In 1988 President Ronald Reagan lectured a convention of attorneys about, “…courts that played fast and loose with the instrument the founding fathers devised. Yes, some law professors and judges said the courts should save the country from the Constitution. We said it was time to save the Constitution from them.”[26]
President Abraham Lincoln (referring to the Dred Scott v. Sandford decision) warned:
If the policy of the government, upon vital questions affecting the whole people, is to be irrevocably fixed by decisions of the Supreme Court...the people will have ceased to be their own rulers, having to that extent practically resigned the government into the hands of that eminent tribunal. (Lincoln's First Inaugural Address, 1861).
In Coercing Virtue: The Worldwide Rule of Judges (2003), Judge Robert Bork, argues:
What judges have wrought is a coup d'état, – slow-moving and genteel, but a coup d'état nonetheless…. The nations of the West are increasingly governed not by law or elected representatives, but by unelected, unrepresentative, unaccountable committees of lawyers applying no law other than their own will.[27]
In recent years, the term "judicial usurpation" has been used by many to describe what they consider to be aggressive judicial activism. During the two years following the publication of Bork's book, no less than five books appeared on the subject of judicial usurpation.[28] In 2005, Pat Buchanan chronicled what he believed to be the Warren court's transgressions:
The Brown decision of 1954, desegregating the schools of 17 states and the District of Columbia, awakened the nation to the court's new claim to power. Hailed by liberal elites – and finding no resistance from a Democratic Congress or president who spent his afternoons at Burning Tree – Warren's court went off on a rampage. It invented new rights for criminals and put new restrictions on cops and prosecutors. It reassigned students to schools by race and ordered busing to bring it about, tearing cities apart. It ordered God, prayer and Bible-reading out of classrooms. It said pornography was constitutionally protected, making Larry Flynt and Al Goldstein First Amendment heroes, rather than felons. It ruled naked dancing a protected form of free expression. It declared abortion a constitutional right and sodomy constitutionally protected behavior. It outlawed the death penalty, abolished terms limits on members of Congress voted by state referendums, and told high school coaches to stop praying in locker rooms and students to stop saying prayers at graduation. It ordered the Ten Commandments out of schoolhouses and courthouses. It condoned discrimination against white students in violation of the 14th Amendment's guarantee of equal protection. And, two weeks ago, in a 5–4 decision, the Supreme Court ruled that towns can seize private homes and turn them over to private developers.[29]
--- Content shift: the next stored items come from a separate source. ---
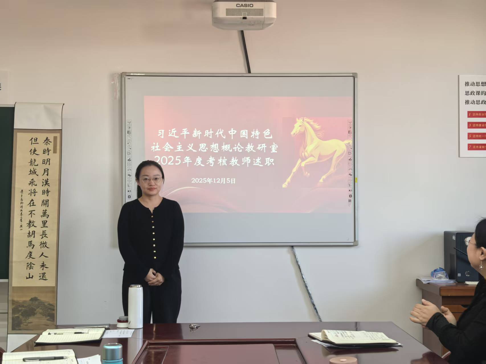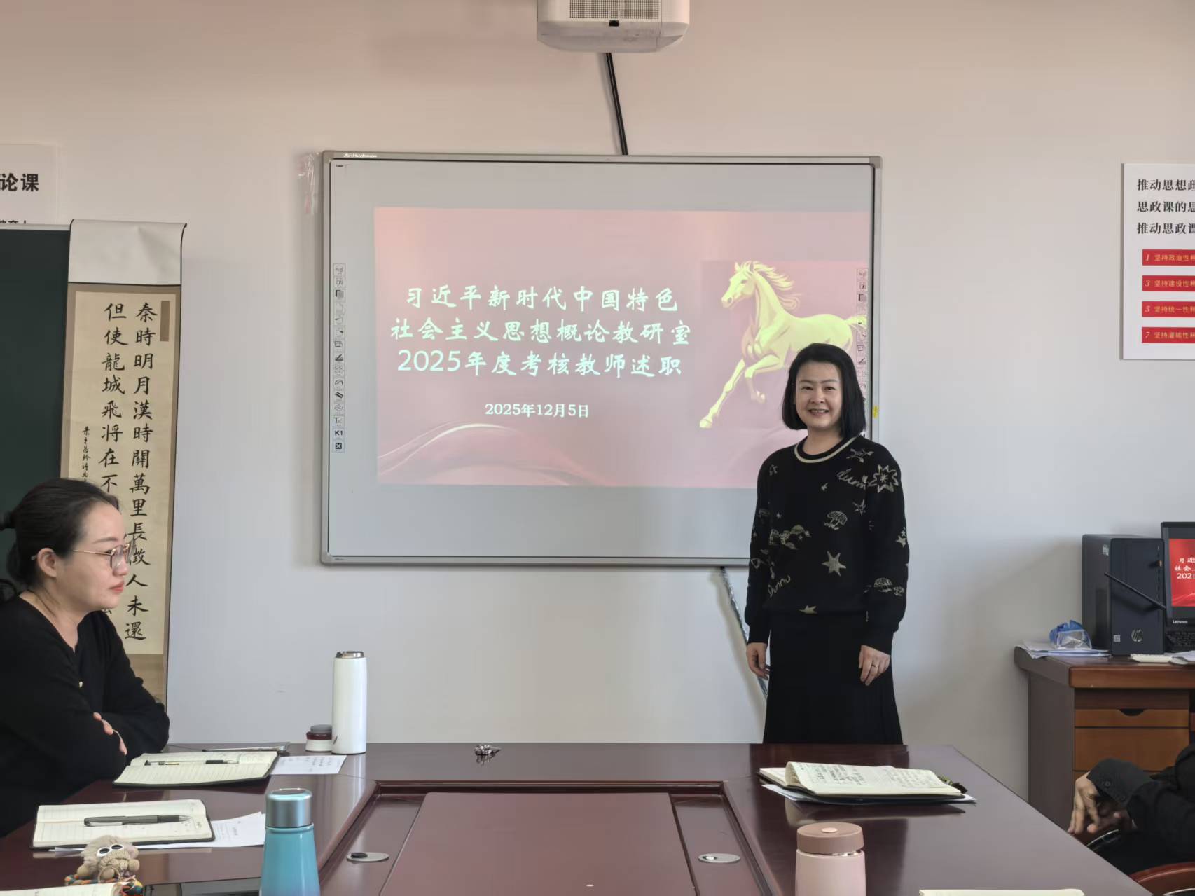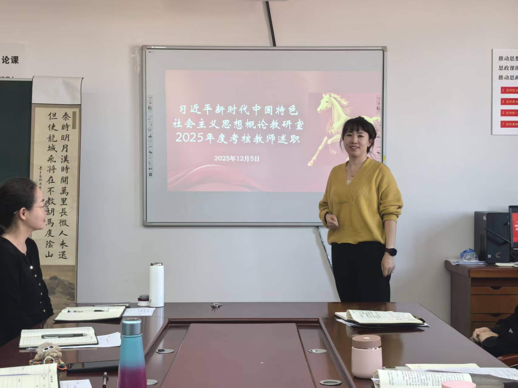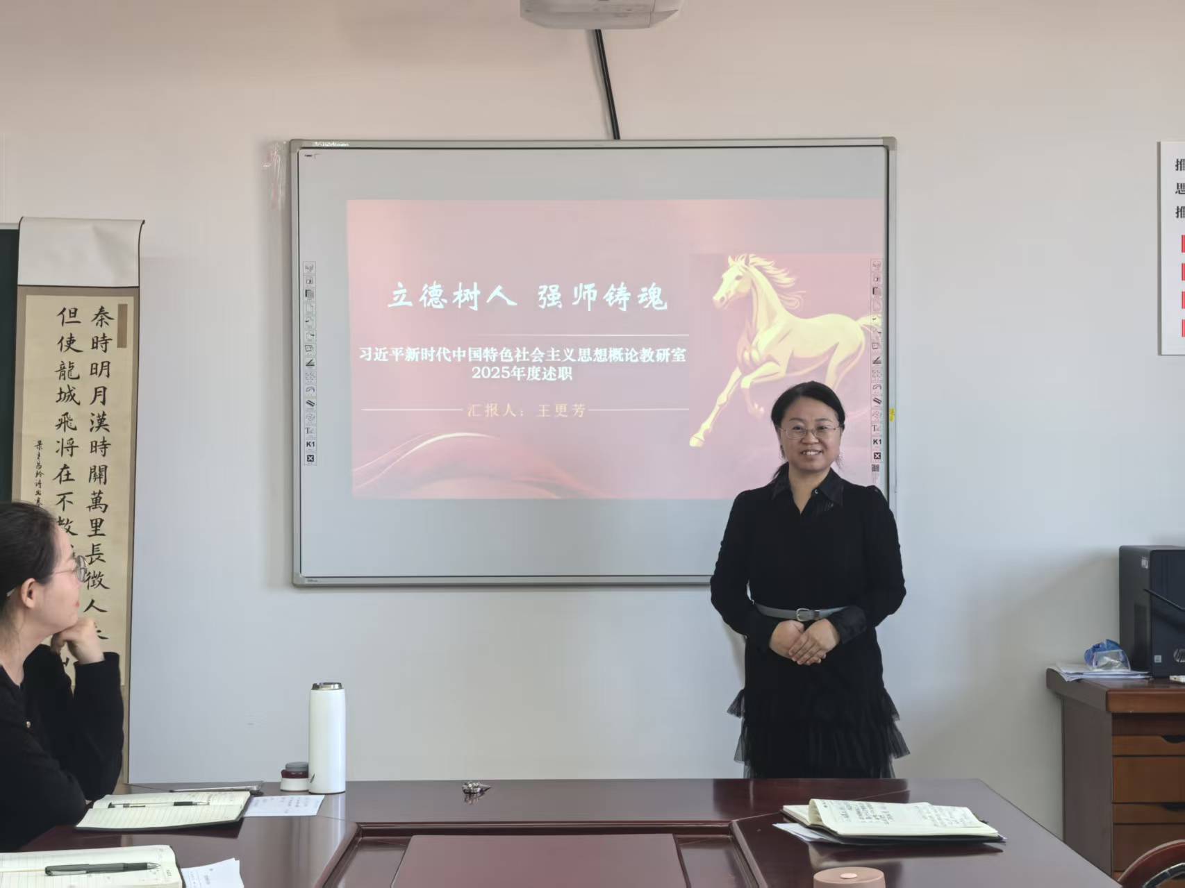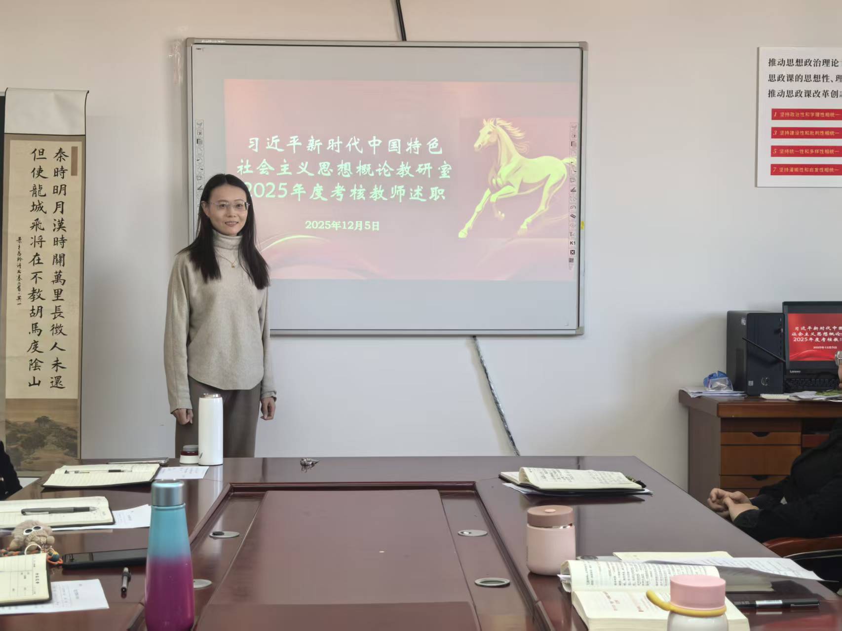 为全面总结回顾2025年度工作,进一步加强师资队伍建设,提升教育教学质量,根据学校、学院相关工作安排,习近平新时代中国特色社会主义思想概论教研室于12月5日在A1-506召开教研室年度考核教师个人工作述职及民主评议会。会议由教研室主任王更芳主持,教研室全体教师参会。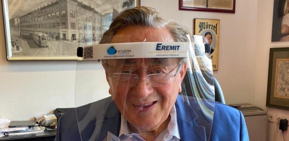 Richard Lugner, im 88. Lebensjahr stehender Shopping-Mall-Betreiber, gehört natürlich zur Corona-Risikogruppe. Er hat aber Sicherheitsmaßnahmen ergriffen, wie ein an "Heute" geschicktes Foto zeigt, arbeitet der Baumeister der Nation in seiner Lugner City nun mit Schutz.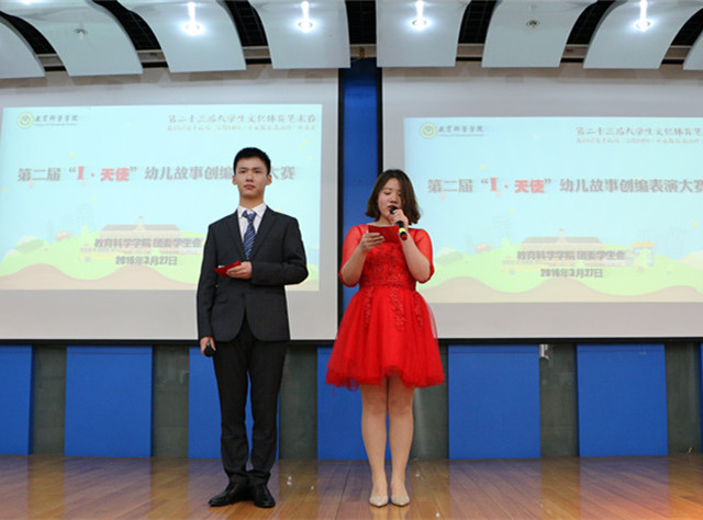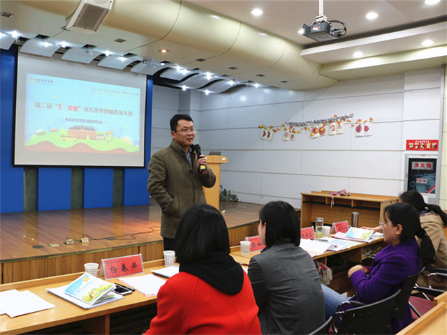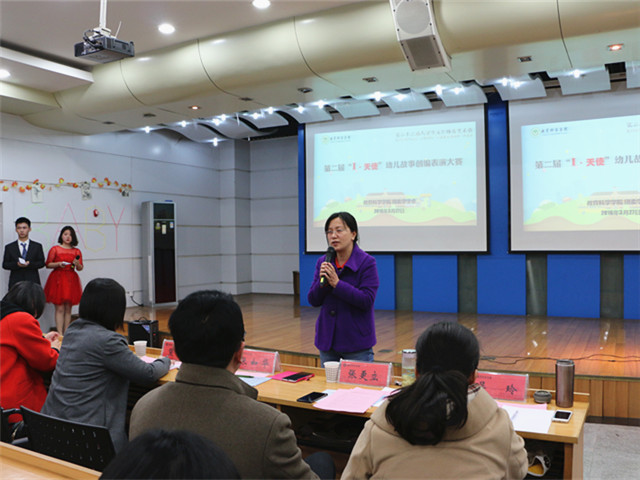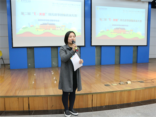 本网讯(教科院 吴素婷)故事伴随每个人的成长,故事赋予每个人生活的希望,每一个童年故事都有着一份特殊的意义。为响应校第23届老员工文化体育艺节的号召,开展富有特色的团学活动,3月27日下午,教科院第二届“I·天使”幼儿故事创编表演大赛在赭山校区就业报告厅隆重举行,与此同时,公司第十六届“育你同行·素质教育活动月”也藉此活动正式拉开帷幕。芜湖市幼儿舞蹈创编最佳编导,舞蹈家协会理事杨春燕,芜湖市附幼语言组组长笪敏,公司党委副书记张如华,学前教育专业负责人张更立、学前教育专业教授吴玲担任了此次大赛的评委。各年级学前教育专业员工以及其它专业的部分员工共同观摩了此次比赛。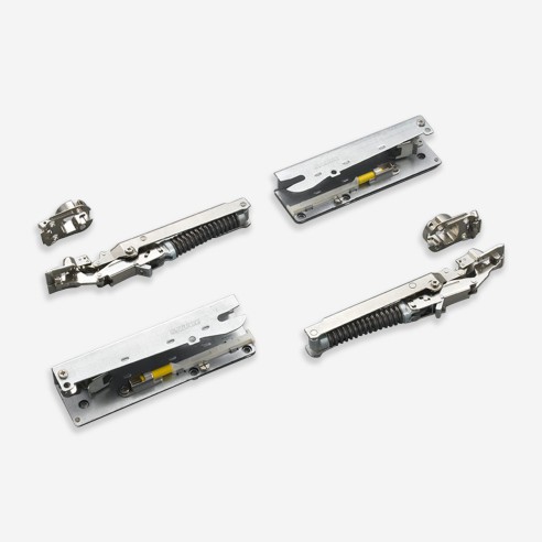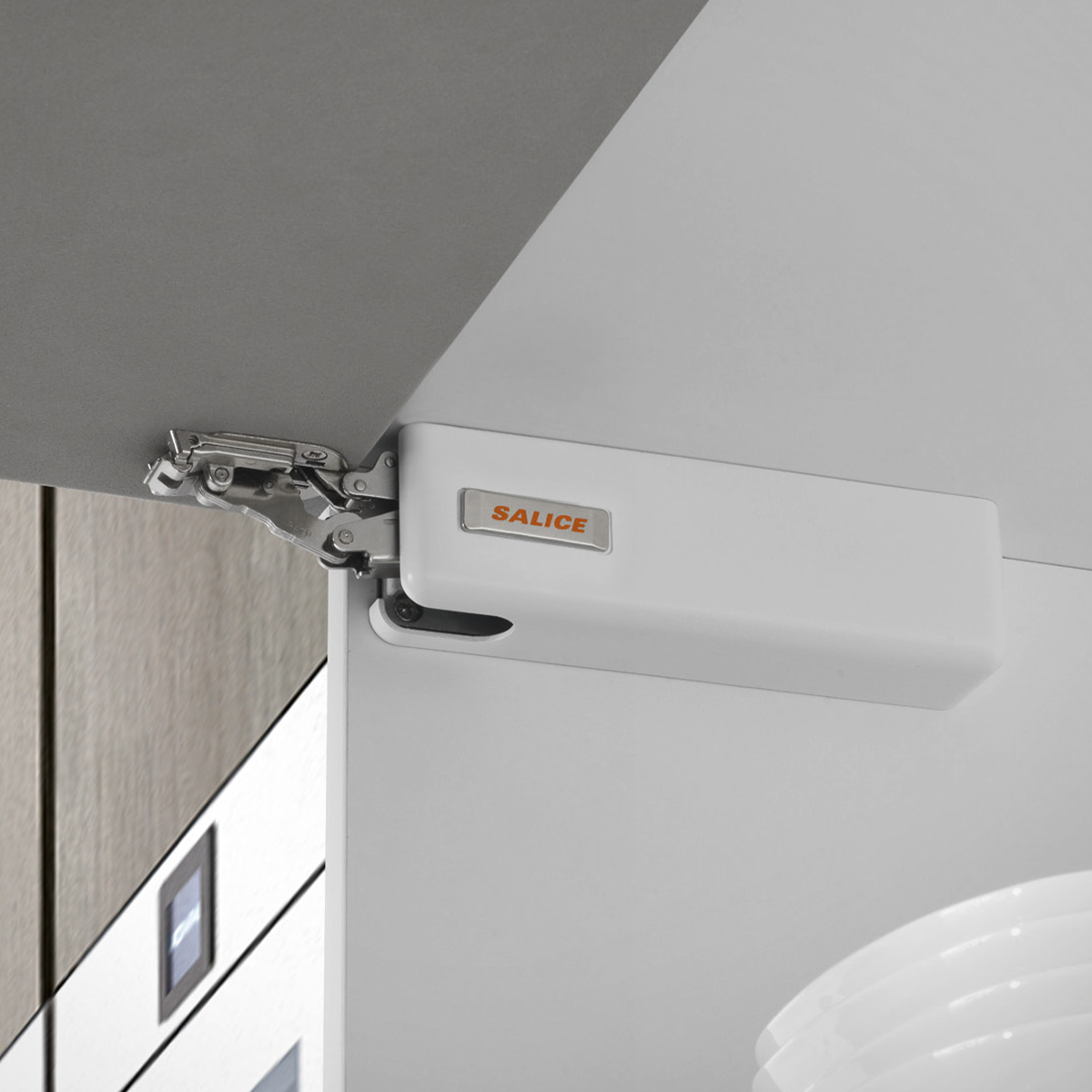 The system offers flexible fixing options, whether on the cabinet side or top panel, making it adaptable to various configurations. Installation is quick and secure with the automatic snap-in slide, while the calibrated three-way adjustment and tuneable spring allow precise alignment and reliable performance across doors of different weights.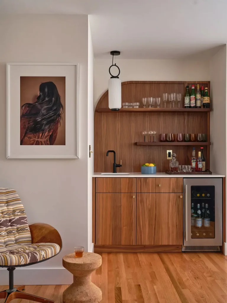A compact and stylish wet bar is tucked into a kitchen nook, featuring rich walnut cabinetry and a curved backsplash. A small cork stool and a patterned vintage-style chair sit nearby on light oak floors.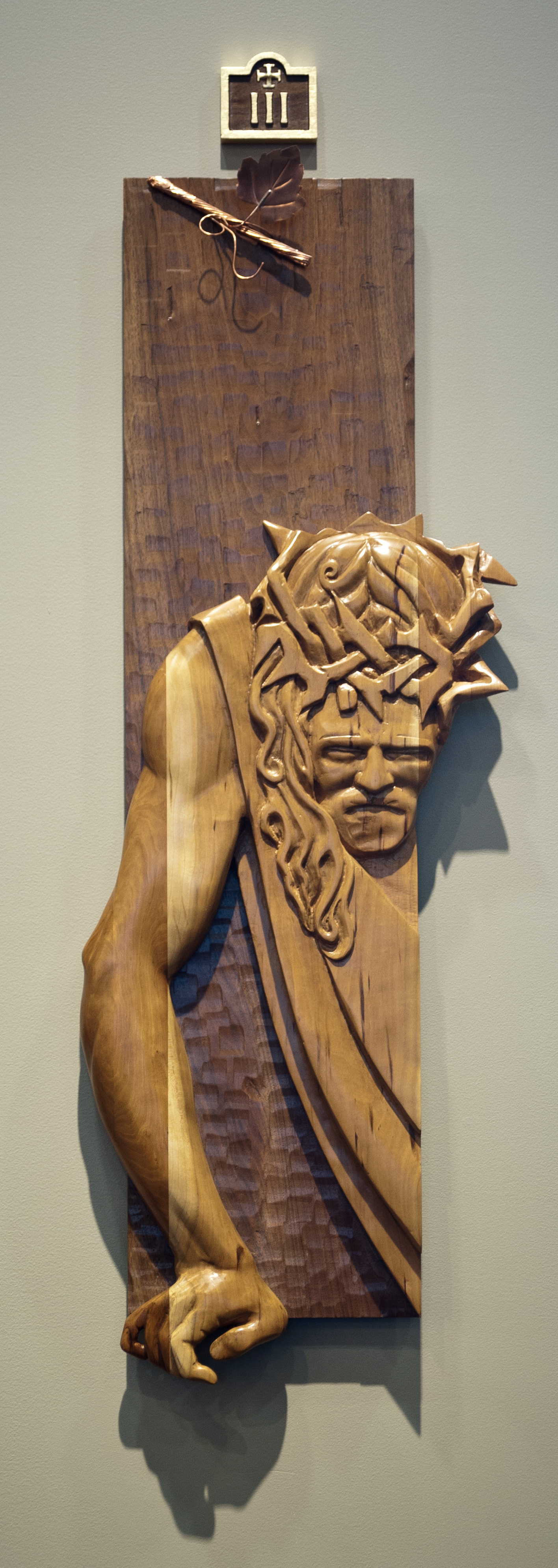 Station III: Jesus Falls the First TimeAlthough not directly mentioned in the Gospel, Jesus' fall is implied by His weakness and the need for Simon of Cyrene to assist with the carrying of the Cross.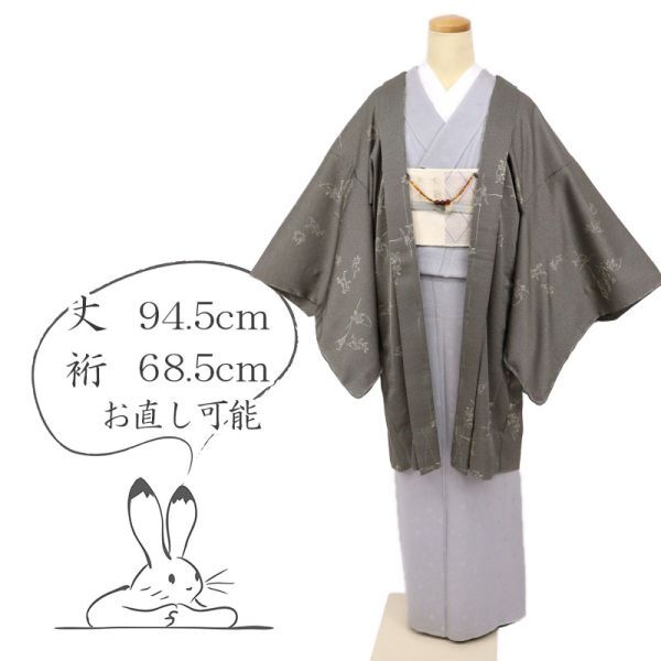 - 【羽織】 新品 和装コート 細やか縞に鳥獣戯画文様 黒 化繊着物上 CB3-4

The United States Supreme Court building is open to the public from 9am - 4:30pm, Monday through Friday. The court is closed on Saturdays, Sundays and United States federal holidays. The Supreme Court building is located at 1 First Street NE in Washington D.C directly across from the east entrance (opposite side from the Mall) of the United States Capitol. When the court is in session, visitors are seated in the gallery on a first come, first seated basis.